- _WHAT NEEDS TO BE DONE_: Only the pictures should be dropped; every line of the data must come back exactly as written.

- _EXERCISE DATA_:

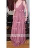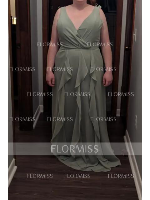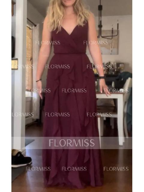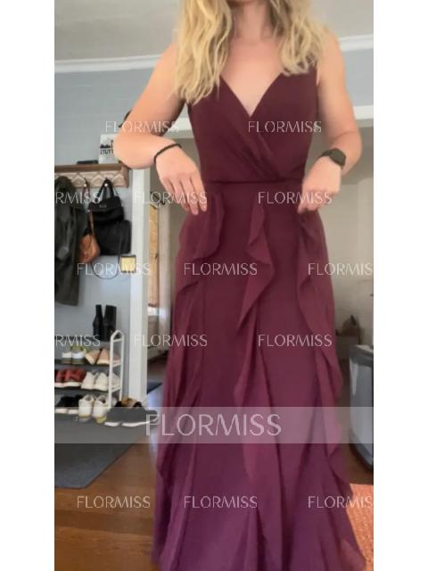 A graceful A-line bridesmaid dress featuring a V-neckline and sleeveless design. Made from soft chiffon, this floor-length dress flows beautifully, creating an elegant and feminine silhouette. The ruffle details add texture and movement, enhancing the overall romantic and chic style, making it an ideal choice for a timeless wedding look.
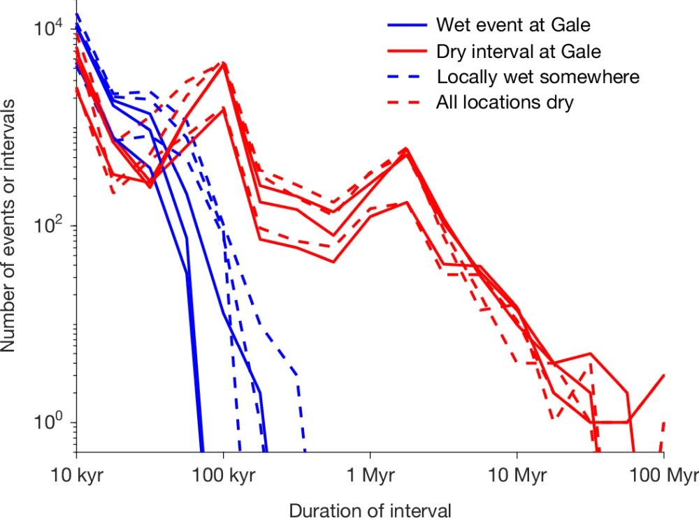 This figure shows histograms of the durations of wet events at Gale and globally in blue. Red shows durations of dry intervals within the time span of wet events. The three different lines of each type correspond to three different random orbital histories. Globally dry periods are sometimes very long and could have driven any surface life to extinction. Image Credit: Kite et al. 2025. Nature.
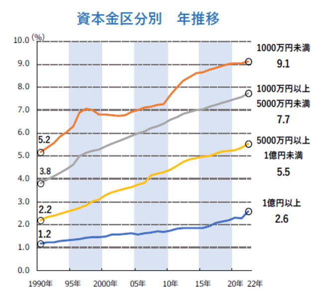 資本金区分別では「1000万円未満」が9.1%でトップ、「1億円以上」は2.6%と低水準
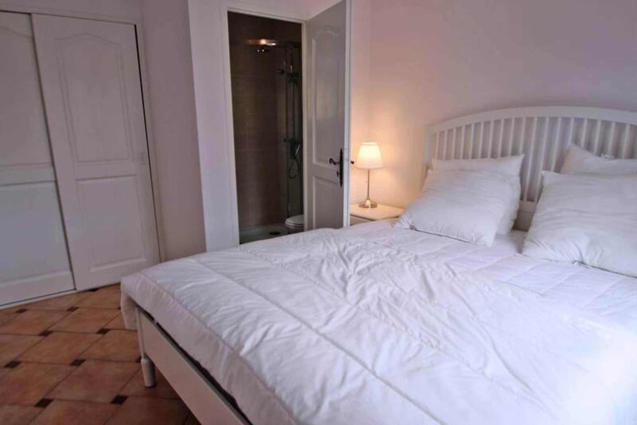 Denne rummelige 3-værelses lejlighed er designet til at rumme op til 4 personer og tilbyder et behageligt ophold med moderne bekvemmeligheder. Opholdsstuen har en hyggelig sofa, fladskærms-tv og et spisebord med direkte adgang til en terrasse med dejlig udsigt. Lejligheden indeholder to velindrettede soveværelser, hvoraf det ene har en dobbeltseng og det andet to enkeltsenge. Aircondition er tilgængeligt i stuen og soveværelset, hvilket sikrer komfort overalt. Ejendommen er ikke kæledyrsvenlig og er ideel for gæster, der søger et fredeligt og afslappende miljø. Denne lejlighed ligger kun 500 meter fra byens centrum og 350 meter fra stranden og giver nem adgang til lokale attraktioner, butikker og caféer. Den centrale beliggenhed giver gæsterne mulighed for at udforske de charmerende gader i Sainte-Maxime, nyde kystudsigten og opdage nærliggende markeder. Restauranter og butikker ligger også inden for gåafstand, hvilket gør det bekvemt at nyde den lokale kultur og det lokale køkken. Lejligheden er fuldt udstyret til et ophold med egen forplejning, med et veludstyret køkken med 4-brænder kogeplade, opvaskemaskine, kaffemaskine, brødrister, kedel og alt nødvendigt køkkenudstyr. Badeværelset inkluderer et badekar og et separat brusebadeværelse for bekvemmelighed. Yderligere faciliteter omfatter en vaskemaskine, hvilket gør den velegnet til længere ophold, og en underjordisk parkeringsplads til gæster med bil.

- _EXERCISE OUTPUT_:
 A graceful A-line bridesmaid dress featuring a V-neckline and sleeveless design. Made from soft chiffon, this floor-length dress flows beautifully, creating an elegant and feminine silhouette. The ruffle details add texture and movement, enhancing the overall romantic and chic style, making it an ideal choice for a timeless wedding look.
 This figure shows histograms of the durations of wet events at Gale and globally in blue. Red shows durations of dry intervals within the time span of wet events. The three different lines of each type correspond to three different random orbital histories. Globally dry periods are sometimes very long and could have driven any surface life to extinction. Image Credit: Kite et al. 2025. Nature.
 資本金区分別では「1000万円未満」が9.1%でトップ、「1億円以上」は2.6%と低水準
 Denne rummelige 3-værelses lejlighed er designet til at rumme op til 4 personer og tilbyder et behageligt ophold med moderne bekvemmeligheder. Opholdsstuen har en hyggelig sofa, fladskærms-tv og et spisebord med direkte adgang til en terrasse med dejlig udsigt. Lejligheden indeholder to velindrettede soveværelser, hvoraf det ene har en dobbeltseng og det andet to enkeltsenge. Aircondition er tilgængeligt i stuen og soveværelset, hvilket sikrer komfort overalt. Ejendommen er ikke kæledyrsvenlig og er ideel for gæster, der søger et fredeligt og afslappende miljø. Denne lejlighed ligger kun 500 meter fra byens centrum og 350 meter fra stranden og giver nem adgang til lokale attraktioner, butikker og caféer. Den centrale beliggenhed giver gæsterne mulighed for at udforske de charmerende gader i Sainte-Maxime, nyde kystudsigten og opdage nærliggende markeder. Restauranter og butikker ligger også inden for gåafstand, hvilket gør det bekvemt at nyde den lokale kultur og det lokale køkken. Lejligheden er fuldt udstyret til et ophold med egen forplejning, med et veludstyret køkken med 4-brænder kogeplade, opvaskemaskine, kaffemaskine, brødrister, kedel og alt nødvendigt køkkenudstyr. Badeværelset inkluderer et badekar og et separat brusebadeværelse for bekvemmelighed. Yderligere faciliteter omfatter en vaskemaskine, hvilket gør den velegnet til længere ophold, og en underjordisk parkeringsplads til gæster med bil.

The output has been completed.